Thursday, June 12, 2008

C# Multiple Replace Extension Methods, Levithan Style

{

A couple of nights ago I blogged about an implementation of a technique to replace multiple patterns in a string on a single pass. Steve Levithan had an entry on the approach (not mine in specific, just the approach and commenting on a few weaknesses).

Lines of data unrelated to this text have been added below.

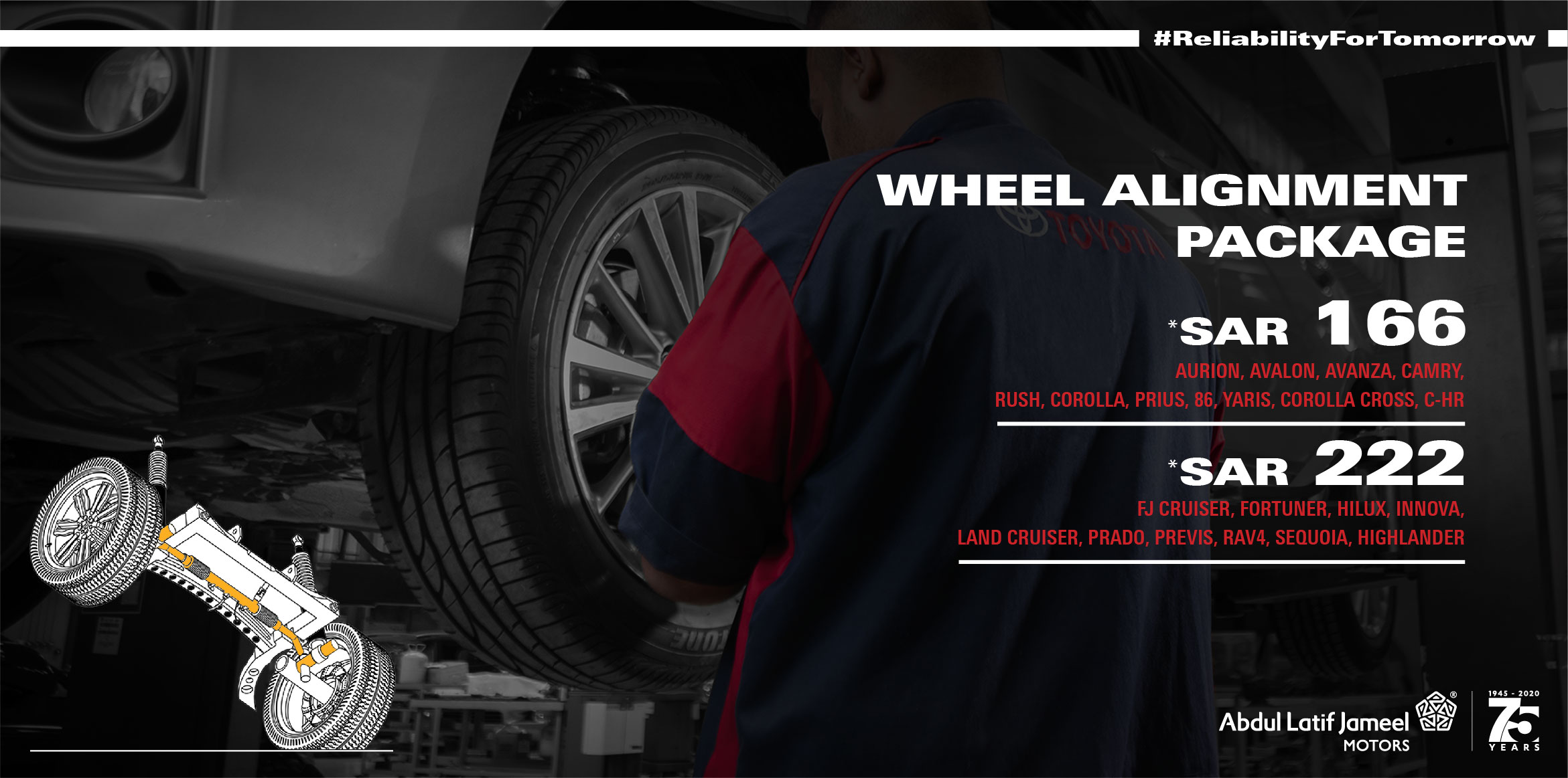 - Prices of Wheel Alignment package for passengers cars (Aurion, Avalon, Avanza, Camry, Corolla, Prius, Rush, Toyota 86, Yaris, Corolla Cross, C-HR) price = SA 166
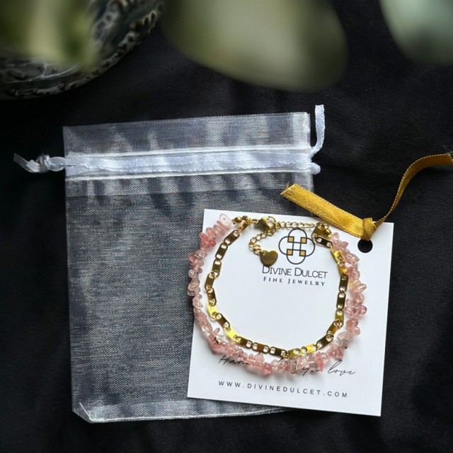 Super elegant armbånd laget med naturlige jordbærkvarts krystallbiter og 24 karat gullbelagt flatlenkekjede i rustfritt stål. Dette jordbærkvarts armbåndet er den perfekte kombinasjonen av eleganse, harmoni og kjærlighet.
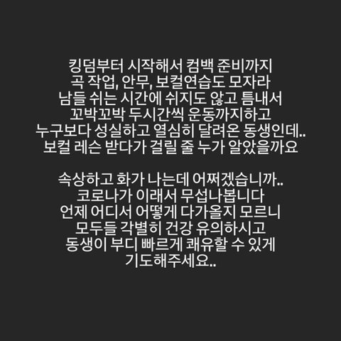 이어 "이민혁은 보건당국의 방역지침에 따라 필요한 조치와 함께 안정을 취하고 있으며 당사는 이민혁 군의 빠른 쾌유를 위해 최선을 다하도록 하겠다"며 "보건당국의 방역지침을 준수하여 아티스트의 건강과 안전을 위해 최선을 다하겠다"고 전했다.
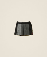 Mini-jupe signée par l’artiste MYFO pour la collection Actitude en tissu teint en fil à carreaux avec plis et broderies contrastées. Elle présente une fermeture éclair sur le côté, une ceinture réglable avec un double anneau en métal fixé sur un côté et une coupe droite.
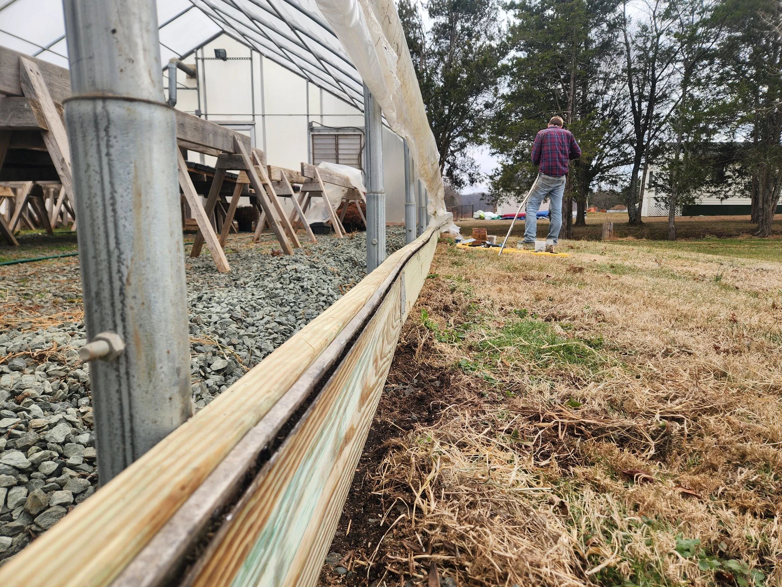 Greenhouse Maintenance: the baseboards of the greenhouse were in rough shape. Above, Clayton is working on replacing it. You can see where the greenhouse plastic was raised so that the old boards could be removed and replaced with new ones. The plastic can then be rolled back down and held in place with a wiggle wire.
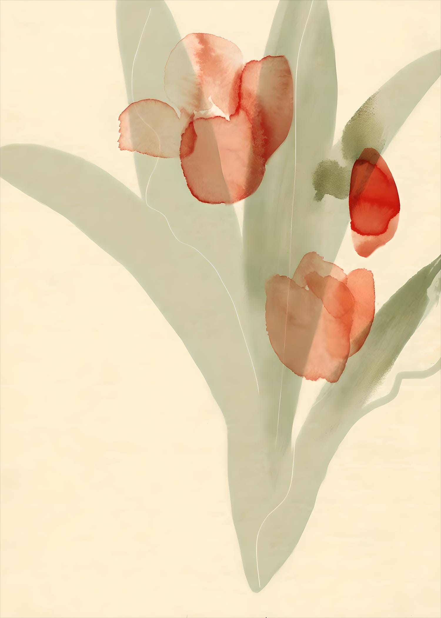 This minimalist floral artwork features soft red tulip forms layered over muted sage green leaves, creating a calm, airy composition with a modern botanical feel. The loose, fluid shapes give it a light and effortless look.
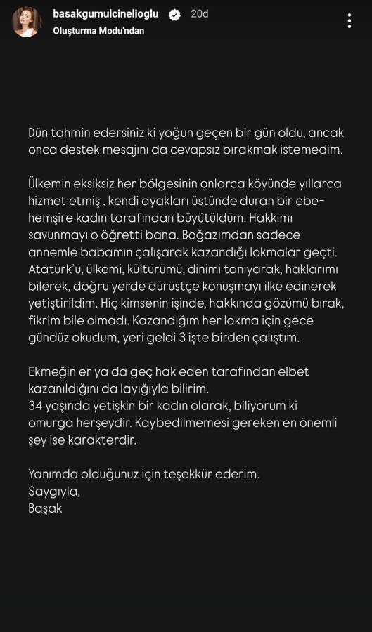 Sosyal medya hesabından boykot çağrısı yapan ve TRT'ye bağlı TABİİ Platformunda rol alacağı Muhabir adlı dizinin kadrosundan çıkartılan Gümülcinelioğlu, sosyal medya hesabından dikkat çekici bir paylaşım yaptı. "Atatürk'ü, ülkemi, kültürümü, dinimi tanıyarak, haklarımı bilerek, doğru yerde dürüstçe konuşmayı ilke edinerek yetiştirildim. Ekmeğin er ya da geç hak eden tarafından elbet kazanıldığını da layığıyla bilirim" diye yazan Gümülcinelioğlu, takipçilerine destek mesajları için teşekkür etti.

It inspired a few things out of me: first, making the multiple replace an extension method of the string class, and second to duplicate Steve's approach which enables a more robust model because you can use metasequences etc...

Here is the code (included the using statement since the use of ToArray() from the Dictionary key collection isn't available without System.Linq):

using System;
using System.Linq;
using System.Collections.Generic;
using System.Text.RegularExpressions;

static class RegexExtender {
public static string MultiReplace(this string target, Dictionary replacementDictionary) {
return Regex.Replace(target,
"(" + String.Join("|", replacementDictionary.Keys.ToArray()) + ")",
delegate(Match m) { return replacementDictionary[m.Value]; }
);
}

public static string LevithansMultiReplace(this string target, Dictionary replacementDictionary)
{
foreach (string key in replacementDictionary.Keys) {
Regex r = new Regex(key, RegexOptions.None);
target = r.Replace(target, replacementDictionary[key]);
}
return target;
}

}


Here is some usage:




// the original approach, as an extension method
string x = "Holly was a hunter";
Dictionary rdict = new Dictionary();
rdict.Add("Holly", "Hannah");
rdict.Add("hunter", "hatter");
Console.WriteLine(x.MultiReplace(rdict));

// Steve's technique
rdict = new Dictionary();
rdict.Add(@"[A-z]", "x");
rdict.Add(@"\d", "y");
string test = "David is 33";
Console.WriteLine(test.LevithansMultiReplace(rdict));




}

2 comments:

Unknown said...

LevithansMultiReplace will not compile for me. Any idea what I'm missing?

David Seruyange said...

I think at the time I wrote this the regular .NET Dictionary defaulted to have a string key/value pair. Now you will need to use a strongly typed Dictionary.

That is: Dictionary<string, string> instead of just Dictionary.